In this study, the short-text categorization was performed using PyShortTextCategorization of short-text categorization written in Python (available at https://github.com/stephenhky/PyShortTextCategorization) as an implementation of the CNN (Fig. 2). This module is a collection of algorithms for the multi-class classification to short texts using Python, Keras, and Tensorflow as the backend.
Fig. 2

Model architecture with two channels for the routine or tumor protocols of the musculoskeletal MRI

The deep neural networks with Word-Embedding were performed with neural network algorithms of supervised short text using PyShortTextCategorization of short-text categorization. Each class label contained short sentences and each token was converted to an embedded vector given by a pre-trained word-embedding model (Word2Vec model of Google news vectors available at https://github.com/mmihaltz/word2vec-GoogleNews-vectors/blob/master/GoogleNews-vectors-negative300.bin.gz). The input short sentences in the training set were processed by a matrix for data training. The predictive input short sentences in the test set were converted to unit vectors in the same way. The scores were calculated according to the trained neural network model and the higher scores of MRI protocols (routine or tumor protocols) were reported. The neural network for supervised learning was used as the convolutional neural network (ConvNet), as demonstrated in Ref. [9].

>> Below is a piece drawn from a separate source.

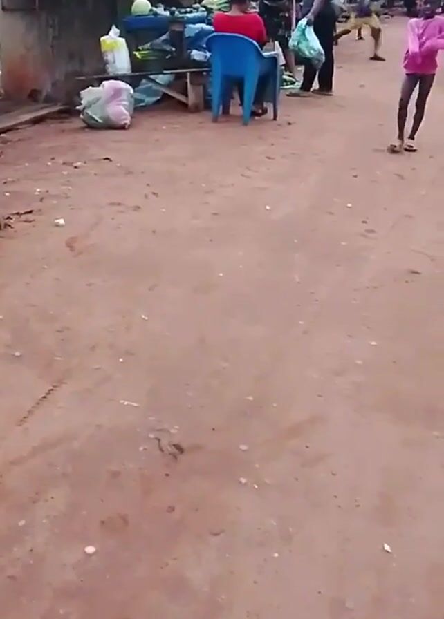 street scene with a reddish-brown, dirt road surface. Several people are present, including one seated in a blue plastic chair wearing a red top. Two men stand nearby, one holding a green bag. A small girl in a pink top and shorts walks toward the camera. There are market stalls on the side of the street, with various items visible, including bags and green produce. The environment appears to be a simple, possibly rural, setting.

Training for Protocol Determination Model

The prepared 5258 MRI examinations were included with an epoch number of 100 during training. The CNN Embedded vector classifier was used [9] with the Word2Vec of Google news vectors. The Word2Vec model is a pre-trained Google News model of 3 billion running words, consisting of 3 million 300-dimension English word vectors. A trained model of ConvNet was made that was a supervised learning of the convolutional neural network, as demonstrated in Ref. [9]: CNNWordEmbed(nb_labels, wvmodel = pre-trained GoogleNews Word2Vec model, nb_filters=1200, n_gram=2, maxlen=15, vecsize=100, cnn_dropout=0.0, final_activation='softmax', dense_wl2reg=0.0, dense_bl2reg=0.0, optimizer='adam’', with_gensim=false).

Test of Protocol Determination Model

To validate the trained model, the consecutive 1018 musculoskeletal MRI examinations were tested with the trained model, and the results were output as routine or tumor protocols. The proposed protocol was determined by the optimal cut-off score from the ROC curve. The accuracies were evaluated with a radiologist-confirmed protocol as the reference protocol. The confusion matrix and Kappa value were calculated for the statistical analysis.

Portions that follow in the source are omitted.